Wednesday, March 3, 2010


Similarities to Mudbound abound in this novel (evil racists and even a repugnant aging parent), but I thought this was a much better read. Olivia is raising her grandson Will'm in Aurora, Kentucky, and housing her mother Ida, who spent some time in a mental institution and barely acknowledges Olivia as her daughter. The book is part love story, part mystery, and part family saga about 3 generations of women. Olivia is no saint and doesn't even know who is the biological father of her daughter Pauline. Pauline repeats some of her mother's mistakes and then leaves Will'm behind when she heads for Hollywood. Wolves turning up dead and missing an ear are indicative of the violence that simmers in Aurora, and Olivia suspects that someone is making a statement to get her attention.
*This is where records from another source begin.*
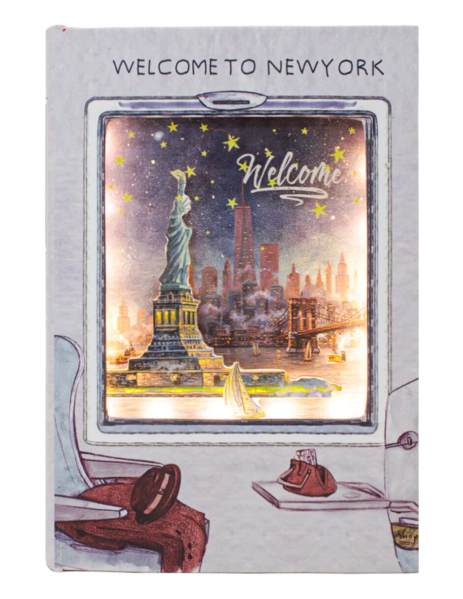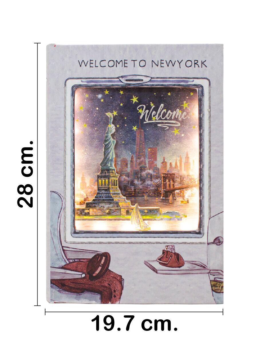 Caja guarda libros diseño New York con luz (usa baterías AAA) de 28x19x7.6cm
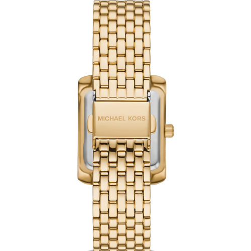 Side panels of understated pavé crystals add shine to the rectangular face of our petite Emery watch. The polished beveled strap is made of gold-tone stainless steel, while the dial features Roman numeral indexes for a luxurious finish. Glamorous enough to pair with evening looks yet understated enough to complement a simple T-shirt and jeans, this is a timeless style you’ll never want to take off.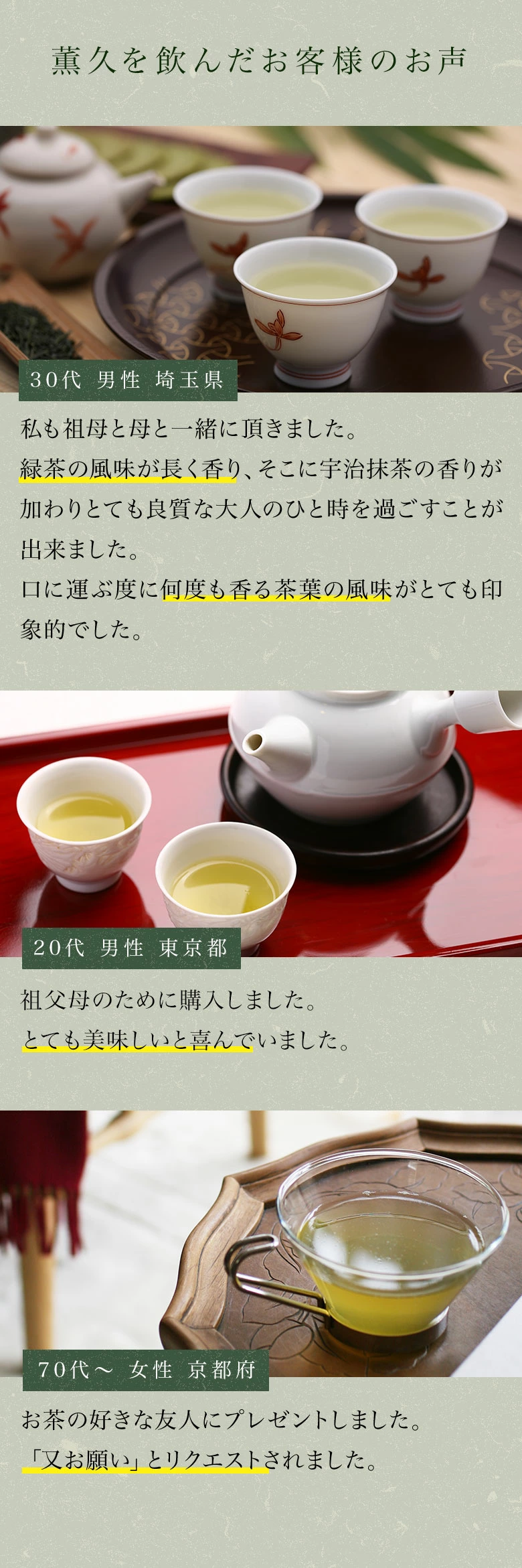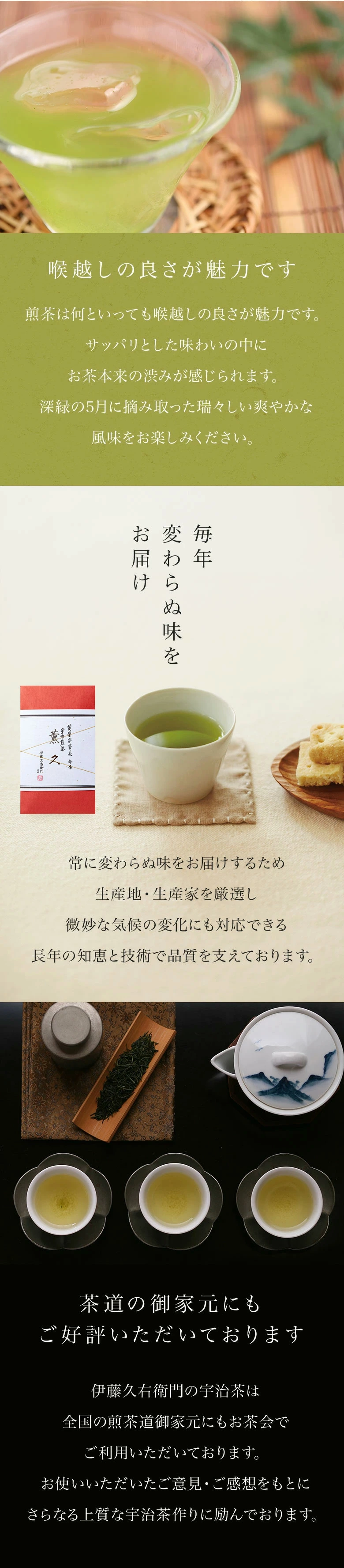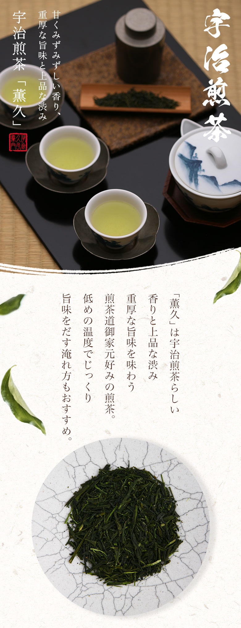 薫久(旧 : 清風)。香り高く、清涼感のある味わいです。煎茶道、各流のお茶会にもご利用いただいております。

Her assumptions about the reason for her neighbors' animosity are inaccurate, however, and this is where the mystery comes in. My guess on the title is that it stems from an event at the beginning of the book. Olivia has stitched up a wounded wolf, who then escapes overnight by jumping through a window, only to meet a grim fate. Throughout the book Olivia is scraping together the shards of her life, trying to make sense of her heritage and her offspring. The wolves themselves are also a symbolic presence and perhaps represent innocent souls being hunted, tortured, and killed for no reason.